● SUPPLIED MATERIAL:
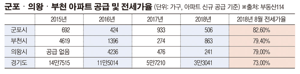 군포(82.6%)의 경우 80%가 넘고 있으며 부천(79.4%), 의왕(79.0%)도 80%에 육박하고 있다. 이 기간 경기도 평균은 73.0%으로 세 지역이 경기도 전세가 비율을 견인하고 있는 모습이다.
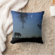 Um cavalo no céu noturno com lua crescente e árvores de carvalho. Um travesseiro azul bonito.
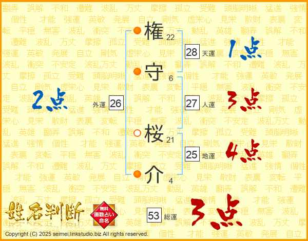 あなたの人生を表す1番重要な運勢です。生涯を通じて影響する総合運となり、主に50歳以降の晩年期に影響を及ぼします。苗字と名前の合計画数。
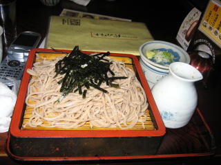 もりそばです。(海苔は不要だと思うのですが・・・) ツーレポ読んでいただいている方々には説明不要ですね。 もちろん、”あるじ”がいただきます。(*^_^*) 「鴨汁そば」「もりそば」とも味は・・・・すみません。10日経った今ではあまり覚えてません。 覚えていないと言うことは、不味くはない、すごく美味い訳でもない。 きっと、普通よりちょっと上?くらいだと思います。 次回来たとき、他の店を探す時間がなかったら、ここでも文句はない。くらいの感じだったと思います。 |

● YOUR TASK: Your answer must be an exact copy of the data above, minus its pictures.

● ANSWER AREA:
 군포(82.6%)의 경우 80%가 넘고 있으며 부천(79.4%), 의왕(79.0%)도 80%에 육박하고 있다. 이 기간 경기도 평균은 73.0%으로 세 지역이 경기도 전세가 비율을 견인하고 있는 모습이다.
 Um cavalo no céu noturno com lua crescente e árvores de carvalho. Um travesseiro azul bonito.
 あなたの人生を表す1番重要な運勢です。生涯を通じて影響する総合運となり、主に50歳以降の晩年期に影響を及ぼします。苗字と名前の合計画数。
 もりそばです。(海苔は不要だと思うのですが・・・) ツーレポ読んでいただいている方々には説明不要ですね。 もちろん、”あるじ”がいただきます。(*^_^*) 「鴨汁そば」「もりそば」とも味は・・・・すみません。10日経った今ではあまり覚えてません。 覚えていないと言うことは、不味くはない、すごく美味い訳でもない。 きっと、普通よりちょっと上?くらいだと思います。 次回来たとき、他の店を探す時間がなかったら、ここでも文句はない。くらいの感じだったと思います。 |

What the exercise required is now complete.